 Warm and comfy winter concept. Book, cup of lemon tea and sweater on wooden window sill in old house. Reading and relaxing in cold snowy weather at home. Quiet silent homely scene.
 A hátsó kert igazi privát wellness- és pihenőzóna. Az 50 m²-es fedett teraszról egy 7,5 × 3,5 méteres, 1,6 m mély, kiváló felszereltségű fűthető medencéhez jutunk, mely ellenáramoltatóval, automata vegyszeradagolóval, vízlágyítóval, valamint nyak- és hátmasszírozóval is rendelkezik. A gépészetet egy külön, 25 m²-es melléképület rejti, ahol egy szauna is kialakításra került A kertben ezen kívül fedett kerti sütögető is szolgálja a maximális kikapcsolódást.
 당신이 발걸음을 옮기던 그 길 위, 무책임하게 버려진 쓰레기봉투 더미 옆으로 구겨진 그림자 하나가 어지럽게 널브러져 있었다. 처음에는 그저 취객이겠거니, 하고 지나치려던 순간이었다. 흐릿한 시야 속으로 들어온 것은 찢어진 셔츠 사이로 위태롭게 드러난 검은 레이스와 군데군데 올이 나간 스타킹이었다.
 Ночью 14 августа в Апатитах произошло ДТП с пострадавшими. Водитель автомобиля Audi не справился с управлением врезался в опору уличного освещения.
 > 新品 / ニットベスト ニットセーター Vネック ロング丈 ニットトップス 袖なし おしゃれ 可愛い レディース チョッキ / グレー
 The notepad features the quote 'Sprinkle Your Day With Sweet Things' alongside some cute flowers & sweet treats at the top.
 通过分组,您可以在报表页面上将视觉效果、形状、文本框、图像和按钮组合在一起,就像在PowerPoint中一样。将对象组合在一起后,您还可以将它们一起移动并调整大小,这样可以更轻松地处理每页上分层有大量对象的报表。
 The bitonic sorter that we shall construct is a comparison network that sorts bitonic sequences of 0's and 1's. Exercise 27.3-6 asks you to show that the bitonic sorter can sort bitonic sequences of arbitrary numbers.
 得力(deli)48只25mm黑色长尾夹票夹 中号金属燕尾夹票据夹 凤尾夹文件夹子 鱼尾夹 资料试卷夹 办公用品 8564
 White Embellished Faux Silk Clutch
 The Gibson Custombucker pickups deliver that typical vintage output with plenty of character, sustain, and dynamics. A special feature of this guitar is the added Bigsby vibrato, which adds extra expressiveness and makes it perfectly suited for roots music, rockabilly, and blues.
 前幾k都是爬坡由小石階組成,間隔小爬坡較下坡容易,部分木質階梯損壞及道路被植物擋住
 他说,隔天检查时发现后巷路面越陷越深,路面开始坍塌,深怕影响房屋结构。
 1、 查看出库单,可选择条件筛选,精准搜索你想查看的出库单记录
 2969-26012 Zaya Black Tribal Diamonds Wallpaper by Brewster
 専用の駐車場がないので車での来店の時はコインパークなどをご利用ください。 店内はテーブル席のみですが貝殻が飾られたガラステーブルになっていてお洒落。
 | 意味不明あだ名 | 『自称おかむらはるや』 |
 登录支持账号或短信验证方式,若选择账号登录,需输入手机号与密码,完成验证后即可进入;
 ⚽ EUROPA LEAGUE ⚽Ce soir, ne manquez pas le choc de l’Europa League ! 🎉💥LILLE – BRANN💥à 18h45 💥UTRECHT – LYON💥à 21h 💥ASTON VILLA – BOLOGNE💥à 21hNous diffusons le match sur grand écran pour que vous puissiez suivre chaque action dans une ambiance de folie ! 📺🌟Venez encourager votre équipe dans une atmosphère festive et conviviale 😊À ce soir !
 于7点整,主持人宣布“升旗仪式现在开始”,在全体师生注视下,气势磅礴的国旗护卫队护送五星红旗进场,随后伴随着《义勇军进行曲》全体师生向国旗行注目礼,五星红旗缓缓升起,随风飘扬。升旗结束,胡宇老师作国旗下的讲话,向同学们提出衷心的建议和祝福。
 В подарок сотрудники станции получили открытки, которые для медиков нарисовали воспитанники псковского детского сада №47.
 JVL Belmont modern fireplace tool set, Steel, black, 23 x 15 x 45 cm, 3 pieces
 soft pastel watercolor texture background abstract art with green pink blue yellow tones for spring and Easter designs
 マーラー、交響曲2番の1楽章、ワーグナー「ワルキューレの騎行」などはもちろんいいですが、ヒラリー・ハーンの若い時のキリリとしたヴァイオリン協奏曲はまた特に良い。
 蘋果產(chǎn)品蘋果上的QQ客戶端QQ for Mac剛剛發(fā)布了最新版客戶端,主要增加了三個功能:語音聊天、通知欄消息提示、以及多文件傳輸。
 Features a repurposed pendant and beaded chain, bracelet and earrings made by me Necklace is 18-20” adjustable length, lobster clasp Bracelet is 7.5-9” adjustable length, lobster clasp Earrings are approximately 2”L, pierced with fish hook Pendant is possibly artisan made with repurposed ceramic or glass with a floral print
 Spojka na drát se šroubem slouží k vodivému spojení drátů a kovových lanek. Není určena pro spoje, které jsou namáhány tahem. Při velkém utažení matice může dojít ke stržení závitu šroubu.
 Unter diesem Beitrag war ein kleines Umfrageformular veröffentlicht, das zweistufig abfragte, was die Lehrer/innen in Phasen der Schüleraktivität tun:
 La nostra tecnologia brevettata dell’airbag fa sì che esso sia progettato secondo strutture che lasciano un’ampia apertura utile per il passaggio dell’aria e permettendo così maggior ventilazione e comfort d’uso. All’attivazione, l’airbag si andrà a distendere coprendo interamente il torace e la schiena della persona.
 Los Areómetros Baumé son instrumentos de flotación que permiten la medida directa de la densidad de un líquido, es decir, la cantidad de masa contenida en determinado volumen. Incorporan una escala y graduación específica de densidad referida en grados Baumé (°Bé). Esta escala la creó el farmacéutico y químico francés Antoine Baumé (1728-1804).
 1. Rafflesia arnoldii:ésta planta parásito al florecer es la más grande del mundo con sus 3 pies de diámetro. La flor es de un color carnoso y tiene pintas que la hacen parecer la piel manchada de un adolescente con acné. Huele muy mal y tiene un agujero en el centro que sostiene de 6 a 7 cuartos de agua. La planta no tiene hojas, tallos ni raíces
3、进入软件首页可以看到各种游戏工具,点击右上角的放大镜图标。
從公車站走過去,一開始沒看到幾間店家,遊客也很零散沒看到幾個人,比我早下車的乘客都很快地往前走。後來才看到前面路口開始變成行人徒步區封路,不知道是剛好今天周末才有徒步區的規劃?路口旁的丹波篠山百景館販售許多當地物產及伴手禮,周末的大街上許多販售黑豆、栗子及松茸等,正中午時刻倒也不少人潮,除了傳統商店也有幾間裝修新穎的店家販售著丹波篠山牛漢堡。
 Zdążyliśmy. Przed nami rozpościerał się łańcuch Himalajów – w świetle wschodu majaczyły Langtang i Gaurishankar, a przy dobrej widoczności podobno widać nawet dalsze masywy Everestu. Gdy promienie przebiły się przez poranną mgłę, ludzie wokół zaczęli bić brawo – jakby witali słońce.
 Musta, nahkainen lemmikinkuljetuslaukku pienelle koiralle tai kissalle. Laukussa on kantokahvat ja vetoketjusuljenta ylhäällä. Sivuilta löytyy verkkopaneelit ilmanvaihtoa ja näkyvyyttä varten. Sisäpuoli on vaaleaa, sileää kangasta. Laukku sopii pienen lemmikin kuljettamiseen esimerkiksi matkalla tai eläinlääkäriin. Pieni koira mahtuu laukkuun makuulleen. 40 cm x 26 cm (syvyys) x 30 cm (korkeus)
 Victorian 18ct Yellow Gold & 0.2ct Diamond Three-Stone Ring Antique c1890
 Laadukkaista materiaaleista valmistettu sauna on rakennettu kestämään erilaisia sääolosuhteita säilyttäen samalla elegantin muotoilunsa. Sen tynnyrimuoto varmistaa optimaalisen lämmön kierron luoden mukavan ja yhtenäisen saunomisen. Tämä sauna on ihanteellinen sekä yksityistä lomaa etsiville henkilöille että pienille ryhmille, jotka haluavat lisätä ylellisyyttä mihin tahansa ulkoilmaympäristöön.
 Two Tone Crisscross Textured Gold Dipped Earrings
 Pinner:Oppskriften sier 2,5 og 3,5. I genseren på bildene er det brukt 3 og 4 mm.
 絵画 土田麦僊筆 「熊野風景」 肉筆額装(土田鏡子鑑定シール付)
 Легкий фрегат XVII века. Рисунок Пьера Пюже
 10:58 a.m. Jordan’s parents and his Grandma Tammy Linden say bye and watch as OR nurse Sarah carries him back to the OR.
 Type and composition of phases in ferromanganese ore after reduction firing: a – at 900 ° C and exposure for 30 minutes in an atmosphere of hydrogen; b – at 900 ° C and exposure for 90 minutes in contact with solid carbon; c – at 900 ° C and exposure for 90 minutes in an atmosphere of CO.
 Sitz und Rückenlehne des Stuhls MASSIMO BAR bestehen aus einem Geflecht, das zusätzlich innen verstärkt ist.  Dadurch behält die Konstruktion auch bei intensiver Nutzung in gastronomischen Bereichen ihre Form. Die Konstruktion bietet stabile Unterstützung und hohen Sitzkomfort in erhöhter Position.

:: TASK DESCRIPTION ::
Scan the lines above for "登录支持账号或短信验证方式,若选择账号登" and for "JVL Belmont modern". Repeat exactly the line holding each of them and every line in between.

:: RESPONSE AREA ::
 登录支持账号或短信验证方式,若选择账号登录,需输入手机号与密码,完成验证后即可进入;
 ⚽ EUROPA LEAGUE ⚽Ce soir, ne manquez pas le choc de l’Europa League ! 🎉💥LILLE – BRANN💥à 18h45 💥UTRECHT – LYON💥à 21h 💥ASTON VILLA – BOLOGNE💥à 21hNous diffusons le match sur grand écran pour que vous puissiez suivre chaque action dans une ambiance de folie ! 📺🌟Venez encourager votre équipe dans une atmosphère festive et conviviale 😊À ce soir !
 于7点整,主持人宣布“升旗仪式现在开始”,在全体师生注视下,气势磅礴的国旗护卫队护送五星红旗进场,随后伴随着《义勇军进行曲》全体师生向国旗行注目礼,五星红旗缓缓升起,随风飘扬。升旗结束,胡宇老师作国旗下的讲话,向同学们提出衷心的建议和祝福。
 В подарок сотрудники станции получили открытки, которые для медиков нарисовали воспитанники псковского детского сада №47.
 JVL Belmont modern fireplace tool set, Steel, black, 23 x 15 x 45 cm, 3 pieces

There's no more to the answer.